So to see Lear acted—to see an old man tottering about the stage with walking-stick, turned out of doors by his daughters in a rainy night, has nothing in it but what is painful and disgusting. We want to take him into shelter and relieve him. That is all the feeling which the acting of Lear ever produced in me. But the Lear of Shakespeare cannot be acted. The contemptible machinery by which they mimic the storm which he goes out in, is not more inadequate to represent the horror of the real elements, than any actor can be to represent Lear.32

The attempt to dramatize King Lear could only compromise the essential nature of the play. The dramatic idiom, in other words, rather than serving as the natural medium by which the play could be appreciated, was viewed as something extraneous to the play's successful realization.

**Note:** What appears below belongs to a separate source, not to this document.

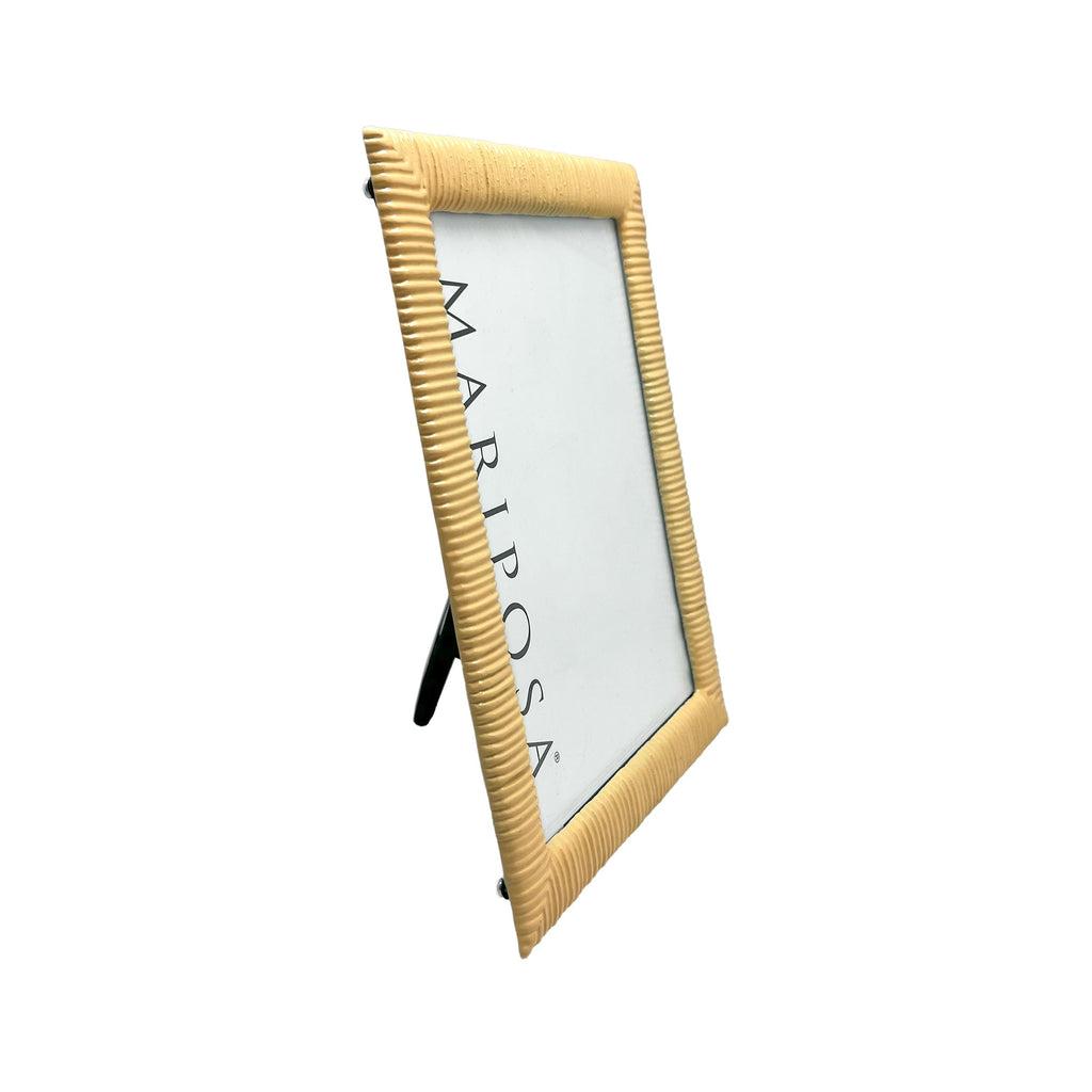 The Mariposa Woven Yellow 5x7 Frame is a beautifully handcrafted piece that brings refined texture and dimension to any display. Made from 100% recycled aluminum, its detailed woven design adds subtle sophistication to your home décor, making it ideal for personal use or gifting. Each frame comes beautifully boxed in a Mariposa Gift Box, making presentation effortless.

King Lear's status as a drama was thus considered problematic in at least two ways. The inadequate account of motivation violated the eighteenth century's idea of dramatic clarity. And, in the view of the early romantics, the profound mystery embodied by the play resisted dramatic expression. Both of these concerns were expressed by A. C. Bradley in his influential lectures on King Lear, originally published in 1904. According to Bradley's famous formulation, “King Lear seems to me Shakespeare's greatest achievement, but it seems to me not his best play.”33

While Lamb had expressed reservations regarding Shakespeare's tragedies in general, Bradley is convinced that the special nature of King Lear is at odds with dramatic performance. The conflict between play and dramatic performance, writes Bradley,

is not so with the other great tragedies. No doubt, as Lamb declared, theatrical representation gives only a part of what we imagine when we read them; but there is no conflict between the representation and the imagination, because these tragedies are, in essentials, perfectly dramatic. But King Lear, as a whole, is imperfectly dramatic, and there is something in its very essence which is at war with the senses, and demands a purely imaginative realization.34

The essential nature of the play can only be grasped, according to Bradley, in the realm of the imagination.

The dramatic stature of the play is also weakened by inadequate motivation. Bradley argues this point with particular reference to the death of Cordelia at the end of the play. He refers to Cordelia's death as the “unexpected catastrophe,” and sets forth what makes its motivation problematic: “The real cause [of Cordelia's death] lies outside the dramatic nexus. It is Shakespeare's wish to deliver a sudden and crushing blow to the hopes which he has excited.”35 Bradley faults the death as the catastrophe because it does not proceed from what has come before and from what an audience is led to expect. Bradley's way of characterizing the problem of the catastrophe will be taken up later on.

Modern criticism has again viewed Lear's dramatic irregularities as significant to an understanding of the play. But rather than considering the unconventional structure an obstacle that must be surmounted, it sees the play's disorder as purposeful, and as integral to its meaning. This perspective, referred to by some critics as “antiformalist,” asserts that the calculated disorder of the play's structure involves the audience in a dramatic experience that is essential to understanding King Lear. The play, writes James Hirsh, “does have an artistically purposeful structure, or rather an antistructure that depends in part on the audience's familiarity with conventional dramatic structure.”36 To be understood, the dramatic peculiarities of King Lear must be viewed against the formal coherence that was characteristic of conventional drama. The structure of Lear presents these conventions, but also, in James Calderwood's phrase, “warps and undermines them.”37

In this vein, Stephen Booth has observed that the play sets up endings or boundaries only to repeatedly transgress them.38 For example, the effort to shelter Lear on the heath, a project initiated in act 3, scene 2, is seemingly accomplished in scene 4 of the act. Yet despite all efforts, Lear gains shelter only in scene 6. This signals an ending close at hand: Lear will get out of the storm. But at the same time that the scene moves toward a conclusion, it also seems to protract Lear's quest and postpone the conclusion repeatedly. Booth contends that this pattern is found in numerous scenes and indicates the essential concern of the play as a whole. By repeatedly transgressing boundaries, the play demonstrates that the dramatic structure adapted to contain the action is inadequate to the material at hand.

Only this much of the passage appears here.